Tuesday 28 February 2012

Bridge Café, Hackney Pearl, and Parioli - three favourites

Balzac once said that when coffee enters your body it starts a battle of ideas. So whether, like me, you prefer top class Italian espresso, or, like Special Agent Dale Cooper, you like yours long, American and black as a moonless night, you've got to know at least one place you can trust to serve you a damn good coffee so you can get those ideas in motion.

Solitude stands in a café . Sometimes I agree with Alfred Polgar, Vienna Coffeehouses wit: a cafe is 'a place where people want to be alone, but need company to do so'. Working at home can be extremely comfortable, but there's something undeniably depressing about waking up, starting to work, and finding yourself still in your nightgown at dinner time, with the lights still off and the daylight gone. So why not take it to a really quiet cafe? Perhaps the most aptly named among my favourites is the Hackney Pearl. Far from being the noisy, pirate-pissed, ghost ship of a caff you might be imagining from its name, the Hackney Pearl is really bright and clean, with plenty of tables and absolutely delicious food to give you some support if coffee alone is making you a bit twitchy.

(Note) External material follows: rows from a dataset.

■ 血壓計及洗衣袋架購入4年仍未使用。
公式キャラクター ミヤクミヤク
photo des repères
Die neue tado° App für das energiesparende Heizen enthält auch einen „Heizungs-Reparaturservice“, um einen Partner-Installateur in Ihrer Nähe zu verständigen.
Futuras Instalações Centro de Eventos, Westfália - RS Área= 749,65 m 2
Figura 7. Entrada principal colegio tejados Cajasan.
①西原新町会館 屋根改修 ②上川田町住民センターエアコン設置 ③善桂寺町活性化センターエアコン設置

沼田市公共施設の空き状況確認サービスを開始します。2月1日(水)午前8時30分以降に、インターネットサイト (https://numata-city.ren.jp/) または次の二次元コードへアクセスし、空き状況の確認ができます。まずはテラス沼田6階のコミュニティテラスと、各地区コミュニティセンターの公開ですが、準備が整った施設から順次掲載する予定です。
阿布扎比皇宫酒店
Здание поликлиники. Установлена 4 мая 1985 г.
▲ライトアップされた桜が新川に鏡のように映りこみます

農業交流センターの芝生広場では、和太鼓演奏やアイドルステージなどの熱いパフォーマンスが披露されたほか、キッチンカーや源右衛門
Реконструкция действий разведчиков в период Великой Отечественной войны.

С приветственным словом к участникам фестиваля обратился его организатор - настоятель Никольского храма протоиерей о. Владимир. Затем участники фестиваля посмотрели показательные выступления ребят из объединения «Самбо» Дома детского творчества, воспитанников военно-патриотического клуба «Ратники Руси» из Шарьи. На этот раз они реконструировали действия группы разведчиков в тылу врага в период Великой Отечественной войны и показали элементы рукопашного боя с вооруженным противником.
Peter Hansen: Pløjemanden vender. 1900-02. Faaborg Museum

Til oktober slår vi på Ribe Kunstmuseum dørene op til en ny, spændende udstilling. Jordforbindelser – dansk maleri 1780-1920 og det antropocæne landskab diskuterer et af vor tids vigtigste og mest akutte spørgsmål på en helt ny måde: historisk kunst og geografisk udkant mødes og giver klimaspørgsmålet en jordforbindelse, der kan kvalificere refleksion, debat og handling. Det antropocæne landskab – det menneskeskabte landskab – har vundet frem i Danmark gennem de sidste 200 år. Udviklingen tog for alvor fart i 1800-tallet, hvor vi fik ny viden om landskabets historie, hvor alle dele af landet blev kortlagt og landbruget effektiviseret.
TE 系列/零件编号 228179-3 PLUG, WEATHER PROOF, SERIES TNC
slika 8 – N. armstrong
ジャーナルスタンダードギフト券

Another rather busy, but nonetheless quiet place to sit with a laptop over a cappuccino is the upstairs room of fancily decorated Bridge Cafe in Kingsland road, near Old Street. Coming up the stairs you'll feel a bit like you're entering the den of Rhett Buttler's charming friend Belle Watling: the room is decorated with heavy gold and pink brocade, faux Louis XII furniture and leaded favrile glass lampshades sporting naked muses as stands. Customers come and go slowly, taking their time over sketchbooks and notepads, reading and hosting meetings - all rather quietly and politely. If you're peckish, you might want to try their salads, they're great food for thought.

A place to recover. 'Should dreary hypochondria's woes oppress thee, Should round thy charming limbs in too great measure thy flesh increase' (Parini), then you've been out all night looking for Esmees, ruining yourself and going mad swapping wine for coffee! You need to go to Parioli, in Lower Clapton road, and get yourself some Tortellini broth. This is a method tested and verified by many, and is the only way to completely tame a killer hangover and harness it into cooperation towards creative output. The place is a narrow room with a floor to ceiling bookcase stocked with any mysterious Italian produce you could dreamof, from squid ink and grated salmon roe, to the elusive and utterly delicious Stracchino cheese. Come here early, get the window table and relax for you won't be going anywhere for hours, and the staff know it. This is a place to bring a friend and discuss ideas together at length: if you order a large cappuccino, it'll be the size of your head.